In September there were 72,400 truck transportation jobs in Ohio, according to the Ohio Bureau of Labor Market Information.
Job want ad postings for heavy and tractor-trailer truck drivers were the second most common, after registered nurses, for Dayton region counties on Ohio’s jobs website for the month ending Sept. 13. There were 1,784 ads for drivers in the west region, according to the Ohio Department of Job and Family Services.
Chief among the inefficiencies in the supply chain cited by industry leaders: Truck drivers sometimes find themselves waiting for hours, not only to accept new freight but to drop those shipments off — what the industry calls “detention times.”
President Joe Biden recently announced a plan to have the Port of Los Angeles operate 24 hours a day, a directive meant to relieve the wait time for the dozens of container ships waiting offshore. And big shipping companies such as UPS and FedEx said they, too, will expand working hours.
But that’s one end of the problem, trucking advocates say. Time spent waiting at destinations is another issue.
“The problem is, the warehouses don’t run 24/7,” said Thomas Balzer, president and chief executive of the Ohio Trucking Association. “So you can take a container and put it on the truck at 3 a.m.
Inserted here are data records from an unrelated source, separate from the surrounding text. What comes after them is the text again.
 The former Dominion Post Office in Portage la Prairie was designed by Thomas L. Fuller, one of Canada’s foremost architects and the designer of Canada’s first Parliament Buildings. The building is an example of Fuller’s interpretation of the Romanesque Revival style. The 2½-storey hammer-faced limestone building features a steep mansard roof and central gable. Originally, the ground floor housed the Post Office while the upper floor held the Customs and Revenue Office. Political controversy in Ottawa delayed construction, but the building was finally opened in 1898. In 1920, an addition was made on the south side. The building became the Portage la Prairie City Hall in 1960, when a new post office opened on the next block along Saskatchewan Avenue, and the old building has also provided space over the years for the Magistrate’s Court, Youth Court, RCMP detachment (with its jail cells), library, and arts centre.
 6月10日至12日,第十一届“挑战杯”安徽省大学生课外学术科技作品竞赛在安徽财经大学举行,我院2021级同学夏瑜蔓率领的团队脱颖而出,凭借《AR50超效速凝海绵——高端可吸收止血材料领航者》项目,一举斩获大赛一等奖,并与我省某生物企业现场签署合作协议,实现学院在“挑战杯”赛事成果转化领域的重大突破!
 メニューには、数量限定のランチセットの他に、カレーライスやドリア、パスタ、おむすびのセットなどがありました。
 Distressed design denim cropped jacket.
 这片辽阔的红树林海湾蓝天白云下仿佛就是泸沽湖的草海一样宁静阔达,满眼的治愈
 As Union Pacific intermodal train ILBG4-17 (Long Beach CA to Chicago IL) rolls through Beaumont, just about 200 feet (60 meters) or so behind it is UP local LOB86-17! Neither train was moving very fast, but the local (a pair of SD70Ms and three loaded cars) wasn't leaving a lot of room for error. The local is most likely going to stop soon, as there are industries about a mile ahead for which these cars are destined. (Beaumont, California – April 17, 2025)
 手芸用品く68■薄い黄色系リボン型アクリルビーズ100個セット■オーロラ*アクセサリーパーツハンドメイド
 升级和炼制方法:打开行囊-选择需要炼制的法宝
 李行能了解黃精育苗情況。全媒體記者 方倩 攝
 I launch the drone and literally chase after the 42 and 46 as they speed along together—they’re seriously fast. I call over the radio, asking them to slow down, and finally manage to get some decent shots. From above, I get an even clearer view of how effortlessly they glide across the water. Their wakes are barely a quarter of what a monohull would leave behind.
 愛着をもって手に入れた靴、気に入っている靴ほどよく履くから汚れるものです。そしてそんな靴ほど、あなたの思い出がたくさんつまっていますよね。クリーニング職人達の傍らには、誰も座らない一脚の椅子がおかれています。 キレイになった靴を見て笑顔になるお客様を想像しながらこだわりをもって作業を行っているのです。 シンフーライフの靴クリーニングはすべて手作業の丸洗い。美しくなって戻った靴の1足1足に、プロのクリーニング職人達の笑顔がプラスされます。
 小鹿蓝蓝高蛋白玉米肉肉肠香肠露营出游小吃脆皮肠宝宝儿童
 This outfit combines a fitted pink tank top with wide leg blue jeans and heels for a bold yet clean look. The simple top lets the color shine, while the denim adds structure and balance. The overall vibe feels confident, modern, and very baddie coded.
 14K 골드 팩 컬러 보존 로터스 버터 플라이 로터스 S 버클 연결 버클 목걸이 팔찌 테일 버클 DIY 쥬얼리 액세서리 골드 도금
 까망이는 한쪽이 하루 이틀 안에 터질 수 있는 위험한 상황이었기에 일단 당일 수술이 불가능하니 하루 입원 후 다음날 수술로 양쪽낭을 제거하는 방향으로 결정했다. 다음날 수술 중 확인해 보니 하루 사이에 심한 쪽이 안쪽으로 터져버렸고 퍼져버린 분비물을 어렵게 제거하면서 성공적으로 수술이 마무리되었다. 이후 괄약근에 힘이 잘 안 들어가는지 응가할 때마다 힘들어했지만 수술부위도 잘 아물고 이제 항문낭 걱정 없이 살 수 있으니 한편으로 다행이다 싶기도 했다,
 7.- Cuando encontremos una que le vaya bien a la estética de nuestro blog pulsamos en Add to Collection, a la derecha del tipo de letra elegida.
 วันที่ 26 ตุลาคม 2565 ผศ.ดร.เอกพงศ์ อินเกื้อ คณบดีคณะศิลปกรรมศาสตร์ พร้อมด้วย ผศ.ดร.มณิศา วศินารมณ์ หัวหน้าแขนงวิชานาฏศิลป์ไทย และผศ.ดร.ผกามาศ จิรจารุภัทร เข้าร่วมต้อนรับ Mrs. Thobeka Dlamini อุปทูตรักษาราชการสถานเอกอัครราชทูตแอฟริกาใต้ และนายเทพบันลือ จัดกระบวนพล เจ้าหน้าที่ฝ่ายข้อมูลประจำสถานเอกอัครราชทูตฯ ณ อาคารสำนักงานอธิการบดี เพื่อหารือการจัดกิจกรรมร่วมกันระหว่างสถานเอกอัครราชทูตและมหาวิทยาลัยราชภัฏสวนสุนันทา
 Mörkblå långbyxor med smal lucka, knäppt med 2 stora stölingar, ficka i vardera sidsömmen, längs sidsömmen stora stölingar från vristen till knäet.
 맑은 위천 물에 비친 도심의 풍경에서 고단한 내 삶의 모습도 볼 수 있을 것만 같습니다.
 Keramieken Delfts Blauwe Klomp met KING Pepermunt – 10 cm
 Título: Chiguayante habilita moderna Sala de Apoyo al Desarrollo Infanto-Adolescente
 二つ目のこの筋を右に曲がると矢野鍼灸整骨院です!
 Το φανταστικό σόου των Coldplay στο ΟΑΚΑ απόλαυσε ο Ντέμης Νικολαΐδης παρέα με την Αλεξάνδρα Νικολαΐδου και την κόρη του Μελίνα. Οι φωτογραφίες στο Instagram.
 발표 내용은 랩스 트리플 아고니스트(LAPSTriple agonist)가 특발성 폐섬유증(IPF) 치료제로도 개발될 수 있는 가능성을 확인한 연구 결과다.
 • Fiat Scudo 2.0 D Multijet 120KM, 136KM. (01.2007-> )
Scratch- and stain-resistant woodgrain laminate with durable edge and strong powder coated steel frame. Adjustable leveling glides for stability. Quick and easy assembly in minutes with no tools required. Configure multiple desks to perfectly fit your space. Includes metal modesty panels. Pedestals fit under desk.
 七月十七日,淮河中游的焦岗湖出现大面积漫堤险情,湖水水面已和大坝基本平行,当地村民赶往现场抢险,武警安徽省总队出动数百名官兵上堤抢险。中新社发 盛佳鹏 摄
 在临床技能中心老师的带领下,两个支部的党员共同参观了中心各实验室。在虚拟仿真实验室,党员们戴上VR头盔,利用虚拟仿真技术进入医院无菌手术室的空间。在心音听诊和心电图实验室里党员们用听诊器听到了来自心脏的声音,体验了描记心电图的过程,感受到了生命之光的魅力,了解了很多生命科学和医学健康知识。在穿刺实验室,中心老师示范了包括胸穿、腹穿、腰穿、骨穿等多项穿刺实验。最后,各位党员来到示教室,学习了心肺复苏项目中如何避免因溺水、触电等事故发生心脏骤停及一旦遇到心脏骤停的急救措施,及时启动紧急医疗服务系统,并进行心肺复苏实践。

But what are you going to do with it? They (warehouses, distribution centers, factories) run normal business hours. They could be closed.”
“The problems are more complex than just the ports,” he said.
Credit: JIM NOELKER
An inefficiency ‘going back decades’
Nick Bartlett, owner of Spears Transfer & Expediting in Vandalia, has two sides to his business. On the expediting side, a customer is waiting for a shipment before the driver arrives. There’s not a lot of waiting time for the driver in that instance, he said.
On the truck-load and container side, Bartlett sees a different situation.
“I’ve got guys who go in to a container port and wait seven to nine hours on one container,” he said. “A lot of those are with coastal requirements. Some of them are at railheads, but not often. It’s mostly the coastal requirements.”
On the day Balzer spoke with the Dayton Daily News, more than 80 ships were waiting to unload at the Port of Los Angeles.
“It can take six to eight hours to get a container, one container, out of that port,” he said. “So that’s terribly inefficient when drivers are waiting that long.”
Kevin Burch, vice president of governmental affairs and sales for Martin Transportation Systems, said he sees a “gigantic slow-down of America’s goods.”